То ли сказалось перенапряжение, в каком находился организм во все время заграничной поездки, то ли все настойчивее напоминали о себе годы, но в последнее время Викентию Викентьевичу все труднее становилось перебарывать даже самое малое недомогание. Хотелось лечь и лежать долго-долго, пока организм не накопит достаточный запас сил. Но он уже знал по опыту, что это не более как соблазнительный самообман. Стоит дать себе поблажку – и находится много вроде бы очень веских причин, чтобы состояние покоя сделать более-менее постоянным. Но тогда – какой в нем смысл, зачем копить силы и никуда, ни на что их не тратить? Смысл жизни, наверное, в деянии, в делании, а не в безделье… Подольше проживешь, если поменьше будет этого самого делания и побольше безделья? Но где грань между тем и другим, кто ее укажет? И кому нужно это «подольше»? Разве что самому себе. Но не слишком ли этого мало?..
Викентию Викентьевичу вспомнилось, как его старушка мать больше смерти боялась стать обузой для близких. «Прибрал бы господь, пока еще на ногах, покуда еще сама себя обихаживаю» – вот какое желание было в последний год ее жизни самым заветным. В таком взгляде на смерть было и что-то от религии, от веры в загробную жизнь. Мы не признаем ничего «потустороннего», гордимся этим. Хорошо. Но хорошо ли то, что наши «темные», как мы о них говорим, суеверные бабушки и дедушки умирали спокойно и достойно, а мы, просвещенные, цепляемся за жизнь изо всех сил и тогда, когда никаких сил уже не остается?

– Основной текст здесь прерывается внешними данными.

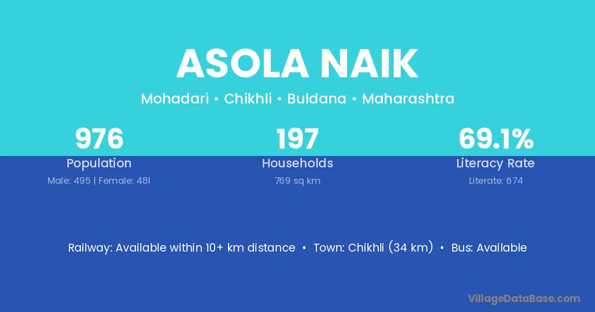 Chikhli (34 km) is the nearest town to Asola Naik village for major economic activities and is located approximately 34 km away.
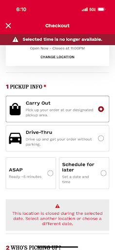 The restaurant was beautiful. Very clean with nice furnishings. Probably a couple of years old. But it looked great. And the employees were nice. As for the food, My husband enjoyed his roast beef sandwich, But not the curly fries. He also ordered an apple turn over. When he bit into the turnover it was cherry. But thankfully he likes cherry. The paper was stuck to the topping. And that was a little bit irritating to him , but otherwise he enjoyed it. I bit into my chicken wrap and it was very tough. You could barely tear the rap with your fingers. So I opened it up and ended up just eating the chicken inside which was tasty. My crubkle fries we're really good my husband enjoy eating those too. The cookie was a very dry and flavorless. It cost about two dollars. It was about four hundred and fifty calories. Which I spat out the bite that I took. My husband had a bite of it and he did not like it either. the cookie bag had an expiration of october twenty twenty four. Just overall an overpriced, very dry flavourless cookie.
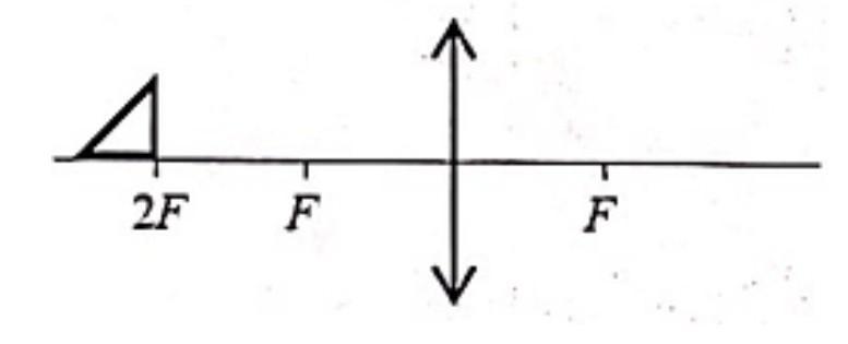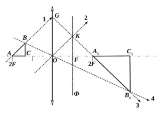 Треугольник располагают перед линзой так, что один из его катетов лежит на главной оптической оси линзы (см. рисунок). Расстояние между ближайшей точкой треугольника к линзе и центром самой линзы равно 2F . Треугольник считать равнобедренным и прямоугольным, а его площадь равной 50 см^2. Линзу считать тонкой собирающей, а ее фокусное расстояние равным 50 см. Постройте изображение данного треугольника и найдите площадь получившейся фигуры.
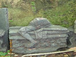 | Description / विवरण | Lower portion deity from waist to lower, seated a throne in lalitasana right leg pendant, broken right palm showing varada mudra. Below in right a kneeling female devotee, a lion poor execution ornament is anklet. |
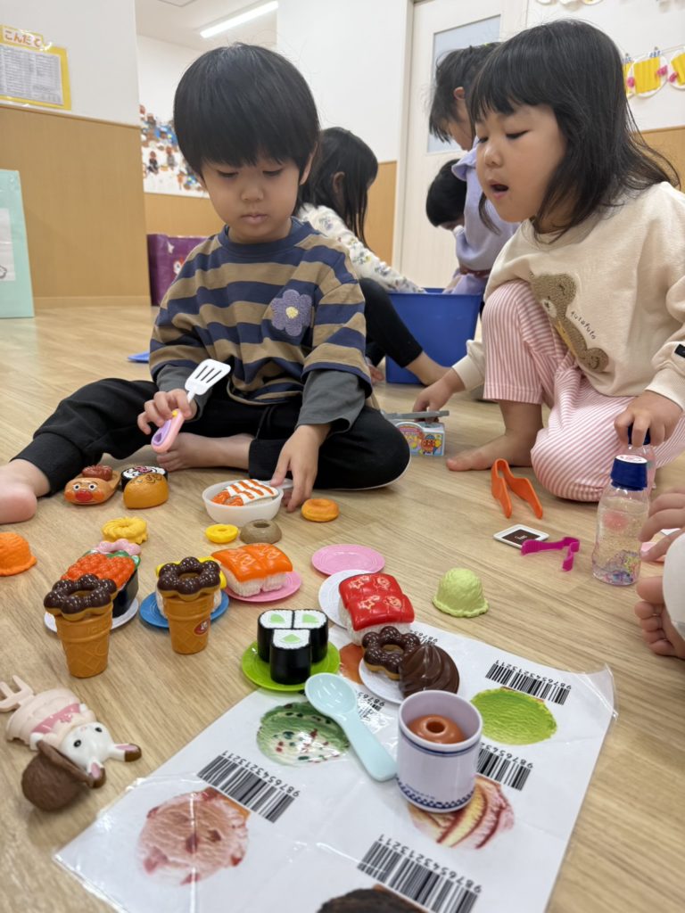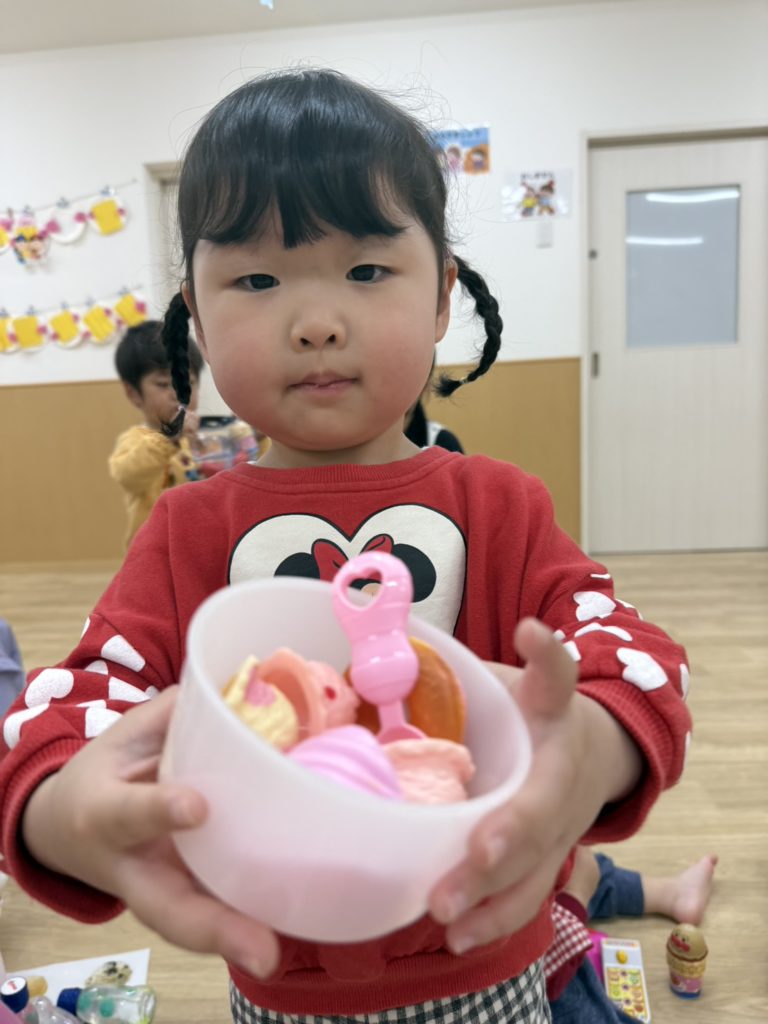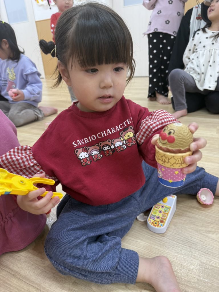 今日は、朝の合同保育の時間帯からアイスの玩具を出して遊びました😁

Мэмэнто мори – говорили древние. Помни о смерти! Что это, запугивание смертью? Ничуть. Всего лишь напоминание о том, что ты смертен и должен спокойно, безбоязненно встретить окончание своего жизненного пути. Потом, в средние века, один философ доведет эту мысль до крайности, сказав, что жизнь дается человеку, чтобы он имел возможность подготовиться к смерти. Разумеется, живем мы не для этого. И все же смерть не должна заставать нас врасплох. Готовиться к ней, конечно же, вовсе не значит заранее шить саван, выстругивать доски для гроба, приглядывать место для могилы (хотя, если вспомнить, Пушкин о месте для могилы позаботился заблаговременно!). Помнить о смерти – это думать о смысле своей жизни, строгой мерой мерить свои повседневные дела и поступки, не суетиться, не тратить время на пустяки, но каждый день проживать так, будто он последний, самый последний в твоем земном существовании…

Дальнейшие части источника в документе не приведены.